WHAT IS REQUIRED
The lines below, from the one holding "The Musician (音乐家)。这三件艺术杰作令全世界的鉴赏家为之倾倒。" through the one holding "- 滑肉門(かつにくもん):上腹部、臍中央の上方1寸、前正中線の外方2寸", are to be restated word for word, with all images left out.

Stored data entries
╔══
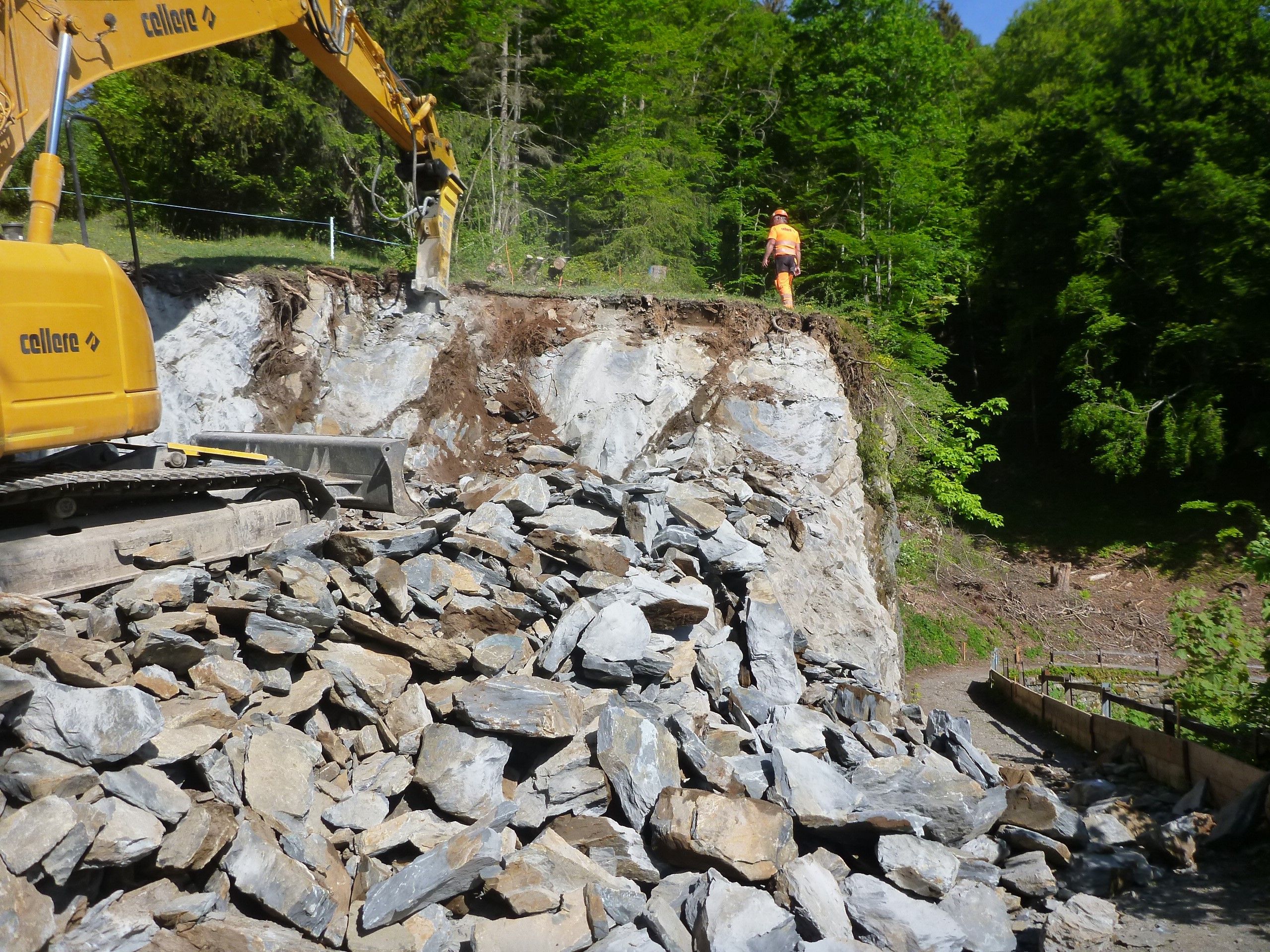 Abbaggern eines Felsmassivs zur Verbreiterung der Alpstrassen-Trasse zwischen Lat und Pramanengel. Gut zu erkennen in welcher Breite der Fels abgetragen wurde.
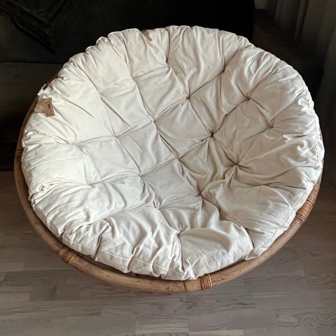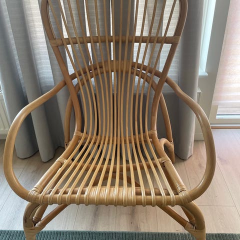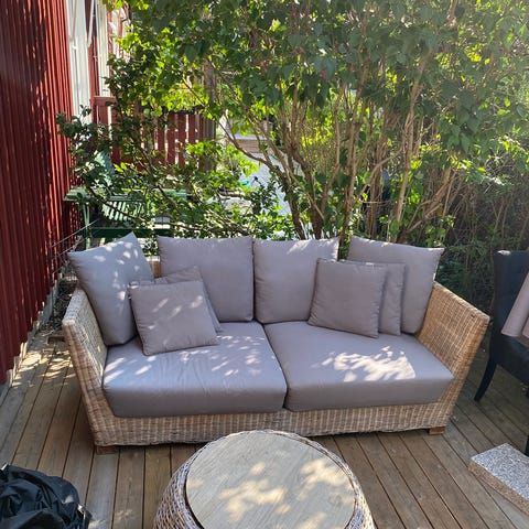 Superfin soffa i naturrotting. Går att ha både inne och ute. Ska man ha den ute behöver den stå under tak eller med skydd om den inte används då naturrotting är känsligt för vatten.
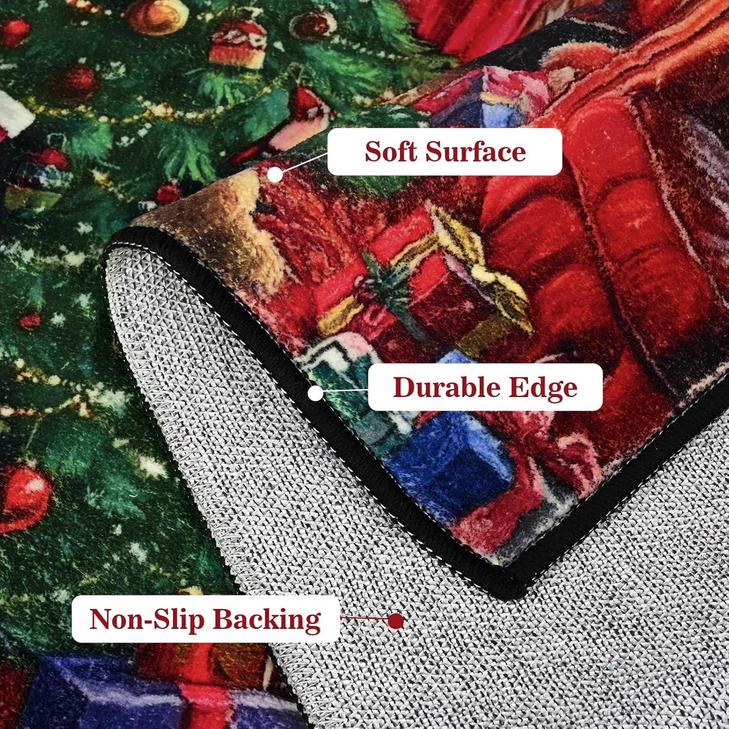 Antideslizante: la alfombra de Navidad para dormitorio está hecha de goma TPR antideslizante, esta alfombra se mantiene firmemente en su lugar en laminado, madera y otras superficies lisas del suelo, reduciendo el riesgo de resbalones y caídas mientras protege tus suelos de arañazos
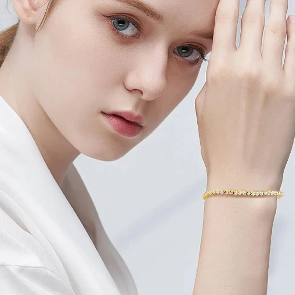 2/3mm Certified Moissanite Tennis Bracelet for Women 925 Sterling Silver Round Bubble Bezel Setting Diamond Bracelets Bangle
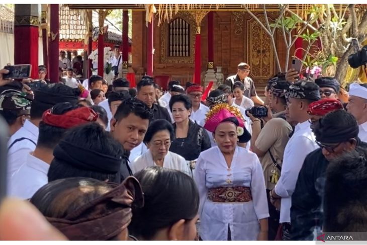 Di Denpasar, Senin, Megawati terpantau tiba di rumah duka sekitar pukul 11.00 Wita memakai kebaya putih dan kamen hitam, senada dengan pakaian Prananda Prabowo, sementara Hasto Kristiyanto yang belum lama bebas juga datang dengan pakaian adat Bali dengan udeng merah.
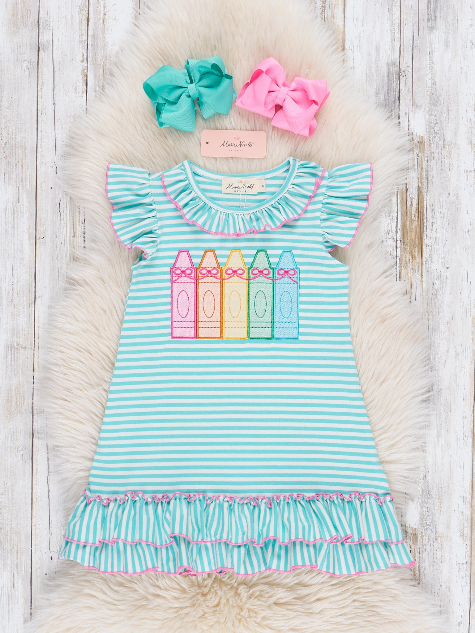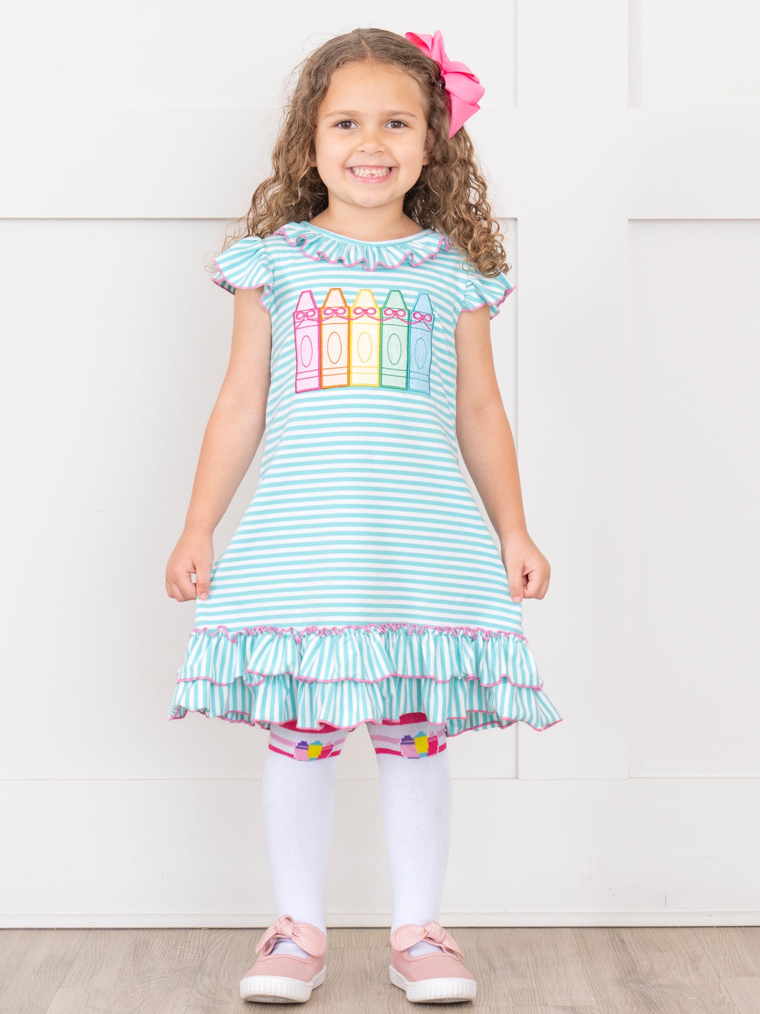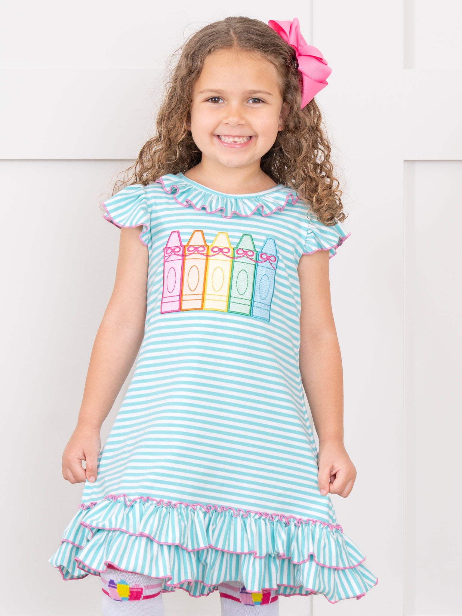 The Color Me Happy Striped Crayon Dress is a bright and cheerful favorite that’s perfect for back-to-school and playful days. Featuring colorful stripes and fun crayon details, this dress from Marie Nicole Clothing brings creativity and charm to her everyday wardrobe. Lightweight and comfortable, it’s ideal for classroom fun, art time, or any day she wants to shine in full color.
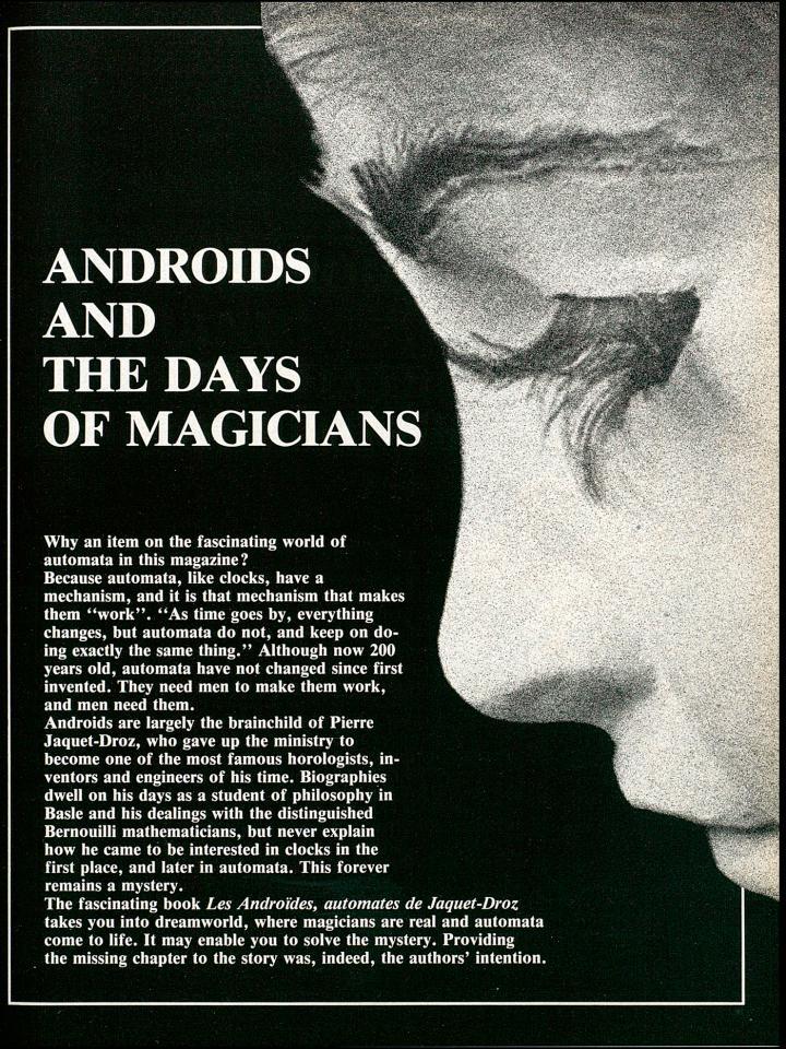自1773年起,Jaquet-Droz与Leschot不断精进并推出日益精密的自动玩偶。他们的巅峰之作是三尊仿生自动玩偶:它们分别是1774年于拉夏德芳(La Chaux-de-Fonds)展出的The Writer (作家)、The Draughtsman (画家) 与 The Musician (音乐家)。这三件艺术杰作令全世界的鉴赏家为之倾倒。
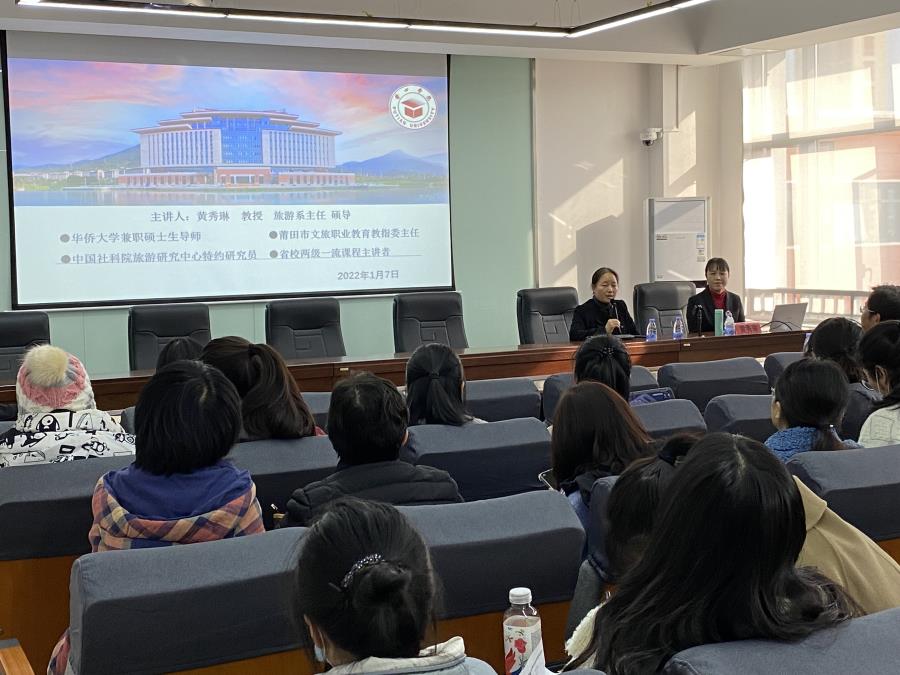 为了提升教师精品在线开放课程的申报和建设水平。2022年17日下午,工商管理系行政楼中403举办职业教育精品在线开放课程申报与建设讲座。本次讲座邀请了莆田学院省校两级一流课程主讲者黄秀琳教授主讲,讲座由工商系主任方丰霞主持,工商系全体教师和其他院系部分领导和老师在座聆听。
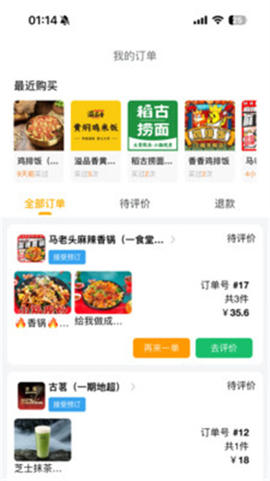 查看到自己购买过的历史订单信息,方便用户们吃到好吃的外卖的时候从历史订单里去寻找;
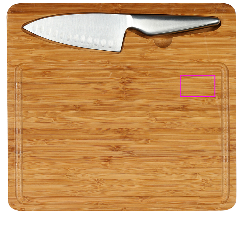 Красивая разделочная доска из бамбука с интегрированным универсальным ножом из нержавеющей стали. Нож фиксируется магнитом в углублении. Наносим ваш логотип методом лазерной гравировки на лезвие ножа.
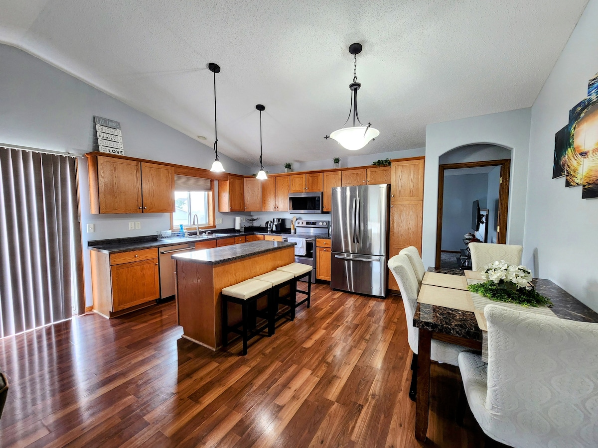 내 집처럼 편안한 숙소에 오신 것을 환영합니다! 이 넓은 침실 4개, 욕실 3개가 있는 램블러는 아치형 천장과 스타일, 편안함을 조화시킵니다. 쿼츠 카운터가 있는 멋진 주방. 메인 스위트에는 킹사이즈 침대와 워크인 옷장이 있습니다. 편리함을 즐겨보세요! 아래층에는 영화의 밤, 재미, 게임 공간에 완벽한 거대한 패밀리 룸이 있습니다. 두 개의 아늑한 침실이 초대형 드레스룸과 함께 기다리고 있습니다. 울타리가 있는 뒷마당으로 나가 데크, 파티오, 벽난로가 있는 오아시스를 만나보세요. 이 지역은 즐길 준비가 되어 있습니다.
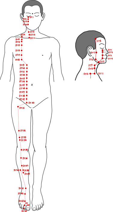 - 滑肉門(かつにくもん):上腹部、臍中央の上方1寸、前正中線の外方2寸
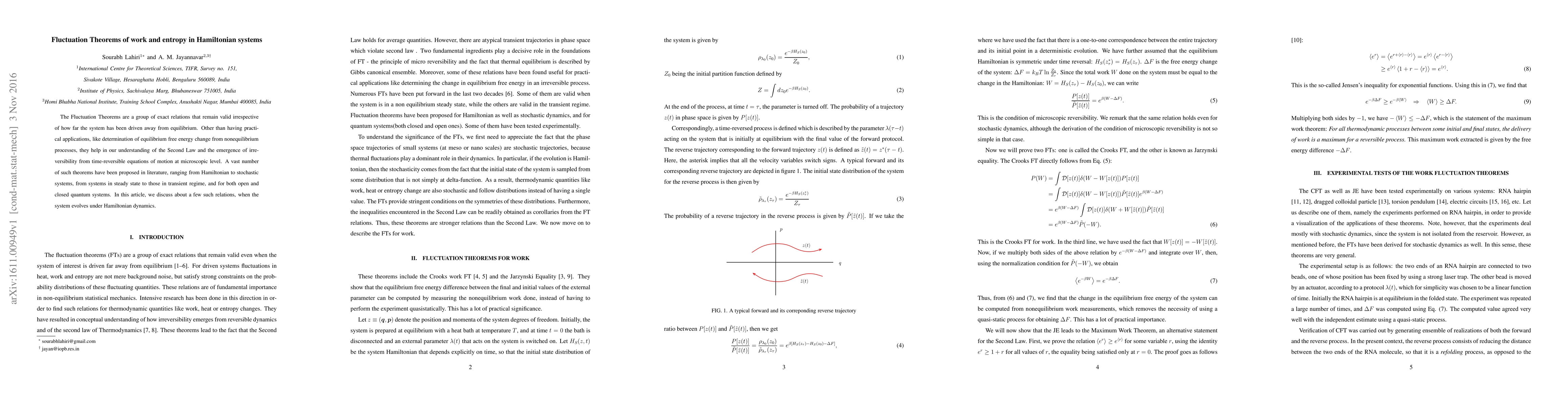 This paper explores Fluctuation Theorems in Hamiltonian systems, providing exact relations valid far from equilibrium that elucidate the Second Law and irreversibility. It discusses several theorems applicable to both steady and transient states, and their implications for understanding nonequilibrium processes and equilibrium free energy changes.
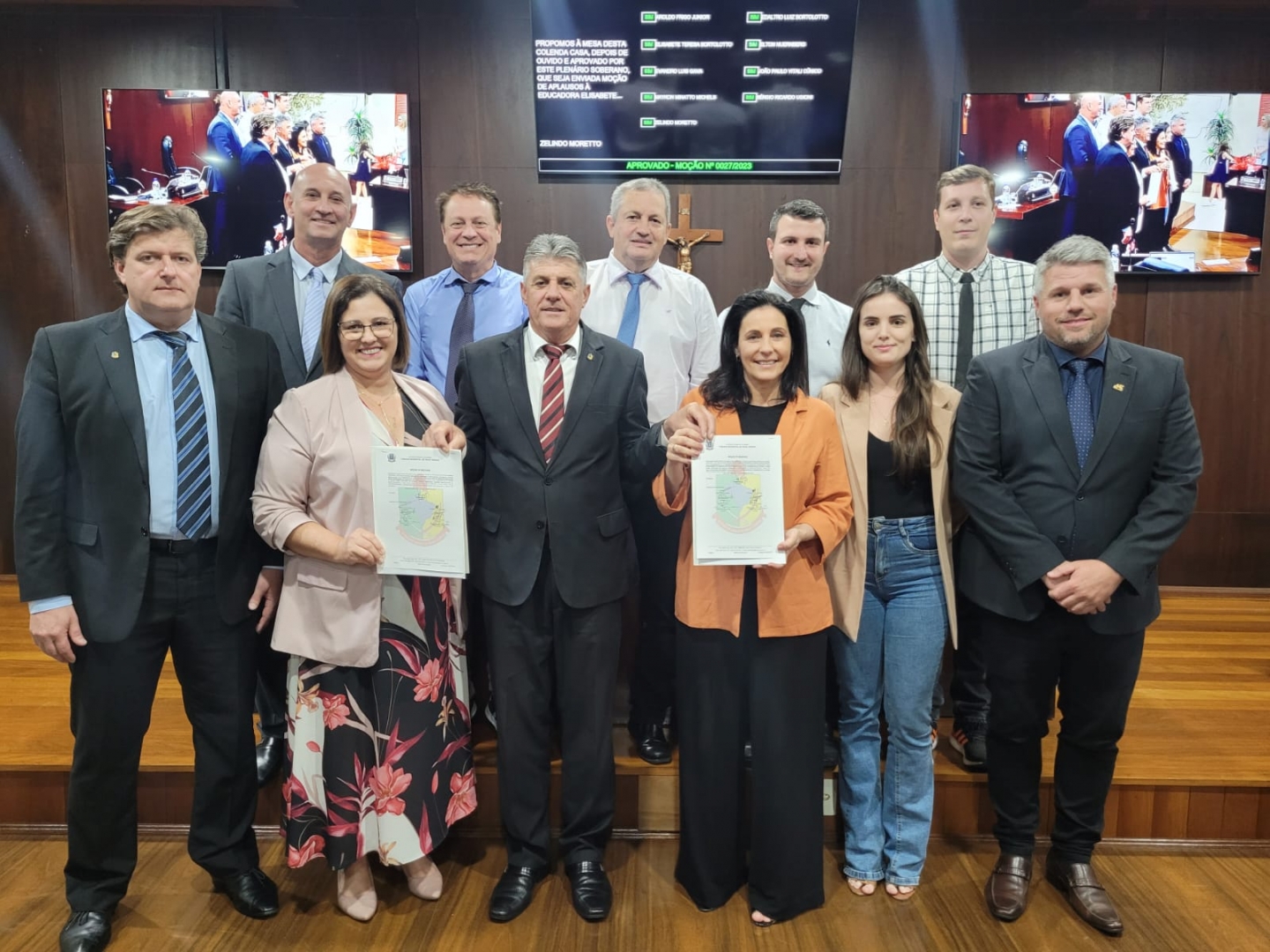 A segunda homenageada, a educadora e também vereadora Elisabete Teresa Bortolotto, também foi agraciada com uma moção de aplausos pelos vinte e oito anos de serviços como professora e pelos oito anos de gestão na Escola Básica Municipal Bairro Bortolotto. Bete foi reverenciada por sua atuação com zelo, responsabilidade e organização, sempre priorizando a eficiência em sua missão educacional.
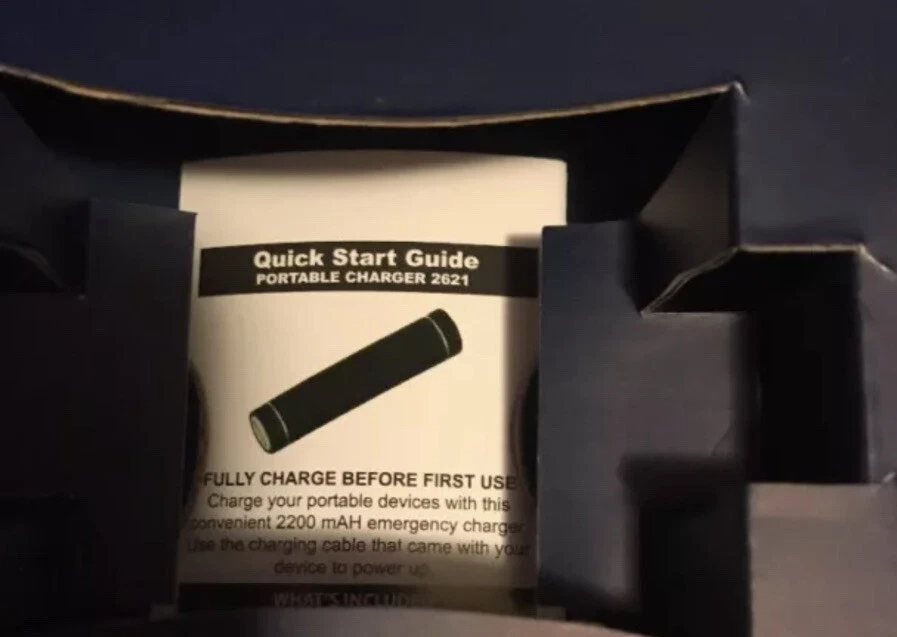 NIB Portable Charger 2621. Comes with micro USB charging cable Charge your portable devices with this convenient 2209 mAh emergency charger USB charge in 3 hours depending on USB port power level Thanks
╚══
ANSWER TO THE PROBLEM
自1773年起,Jaquet-Droz与Leschot不断精进并推出日益精密的自动玩偶。他们的巅峰之作是三尊仿生自动玩偶:它们分别是1774年于拉夏德芳(La Chaux-de-Fonds)展出的The Writer (作家)、The Draughtsman (画家) 与 The Musician (音乐家)。这三件艺术杰作令全世界的鉴赏家为之倾倒。
 为了提升教师精品在线开放课程的申报和建设水平。2022年17日下午,工商管理系行政楼中403举办职业教育精品在线开放课程申报与建设讲座。本次讲座邀请了莆田学院省校两级一流课程主讲者黄秀琳教授主讲,讲座由工商系主任方丰霞主持,工商系全体教师和其他院系部分领导和老师在座聆听。
 查看到自己购买过的历史订单信息,方便用户们吃到好吃的外卖的时候从历史订单里去寻找;
 Красивая разделочная доска из бамбука с интегрированным универсальным ножом из нержавеющей стали. Нож фиксируется магнитом в углублении. Наносим ваш логотип методом лазерной гравировки на лезвие ножа.
 내 집처럼 편안한 숙소에 오신 것을 환영합니다! 이 넓은 침실 4개, 욕실 3개가 있는 램블러는 아치형 천장과 스타일, 편안함을 조화시킵니다. 쿼츠 카운터가 있는 멋진 주방. 메인 스위트에는 킹사이즈 침대와 워크인 옷장이 있습니다. 편리함을 즐겨보세요! 아래층에는 영화의 밤, 재미, 게임 공간에 완벽한 거대한 패밀리 룸이 있습니다. 두 개의 아늑한 침실이 초대형 드레스룸과 함께 기다리고 있습니다. 울타리가 있는 뒷마당으로 나가 데크, 파티오, 벽난로가 있는 오아시스를 만나보세요. 이 지역은 즐길 준비가 되어 있습니다.
 - 滑肉門(かつにくもん):上腹部、臍中央の上方1寸、前正中線の外方2寸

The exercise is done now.